What you need to do - Find the line in the entries below that contains "METRANG Arabica Ground". Repeat it exactly, and every line after it through the line that contains "巅峰开⭐563皮V10可共享".

Records for processing -
※ ※ ※
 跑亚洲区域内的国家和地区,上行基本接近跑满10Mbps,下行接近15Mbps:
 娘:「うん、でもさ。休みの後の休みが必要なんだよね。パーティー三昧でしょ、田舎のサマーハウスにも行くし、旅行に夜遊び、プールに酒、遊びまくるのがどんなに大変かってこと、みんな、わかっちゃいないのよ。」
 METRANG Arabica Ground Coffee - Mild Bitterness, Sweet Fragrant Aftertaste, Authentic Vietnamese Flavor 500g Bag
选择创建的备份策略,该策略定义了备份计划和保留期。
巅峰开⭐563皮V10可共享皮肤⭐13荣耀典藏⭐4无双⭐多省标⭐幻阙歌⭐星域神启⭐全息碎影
※ ※ ※
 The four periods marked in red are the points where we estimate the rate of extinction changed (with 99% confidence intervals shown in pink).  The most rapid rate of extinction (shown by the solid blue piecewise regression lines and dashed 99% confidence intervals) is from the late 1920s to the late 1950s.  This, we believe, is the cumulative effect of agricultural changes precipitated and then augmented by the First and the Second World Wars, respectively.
※ ※ ※
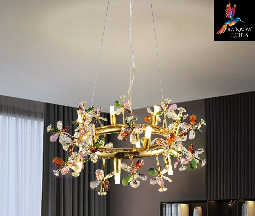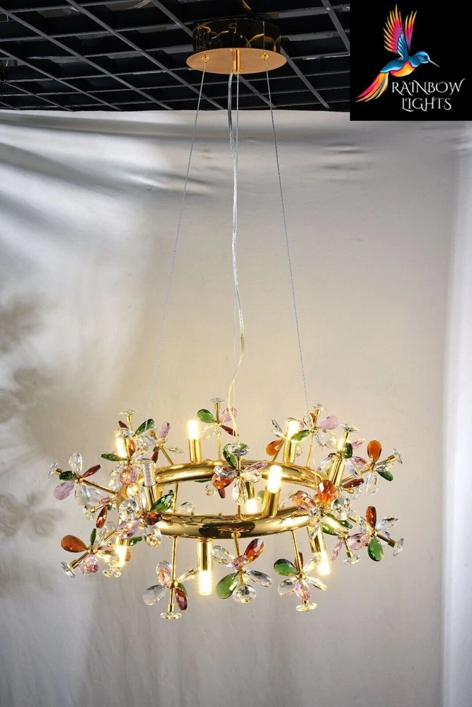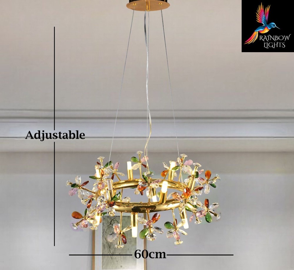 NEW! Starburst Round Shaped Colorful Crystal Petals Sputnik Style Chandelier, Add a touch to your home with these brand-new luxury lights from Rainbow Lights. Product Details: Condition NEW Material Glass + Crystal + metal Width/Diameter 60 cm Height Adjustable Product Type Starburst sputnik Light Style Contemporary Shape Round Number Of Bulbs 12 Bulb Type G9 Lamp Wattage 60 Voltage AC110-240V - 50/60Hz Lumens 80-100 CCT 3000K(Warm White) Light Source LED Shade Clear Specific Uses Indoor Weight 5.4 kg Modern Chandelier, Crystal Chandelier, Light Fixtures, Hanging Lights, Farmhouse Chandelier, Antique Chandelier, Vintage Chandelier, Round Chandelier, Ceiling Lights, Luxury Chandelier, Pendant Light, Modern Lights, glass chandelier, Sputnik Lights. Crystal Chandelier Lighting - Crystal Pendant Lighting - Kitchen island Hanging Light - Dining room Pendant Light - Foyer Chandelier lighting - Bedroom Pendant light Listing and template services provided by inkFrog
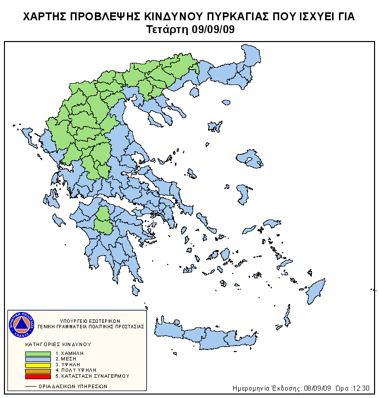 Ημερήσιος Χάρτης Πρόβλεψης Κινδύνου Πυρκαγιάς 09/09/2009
※ ※ ※
Completed task -
 METRANG Arabica Ground Coffee - Mild Bitterness, Sweet Fragrant Aftertaste, Authentic Vietnamese Flavor 500g Bag
选择创建的备份策略,该策略定义了备份计划和保留期。
巅峰开⭐563皮V10可共享皮肤⭐13荣耀典藏⭐4无双⭐多省标⭐幻阙歌⭐星域神启⭐全息碎影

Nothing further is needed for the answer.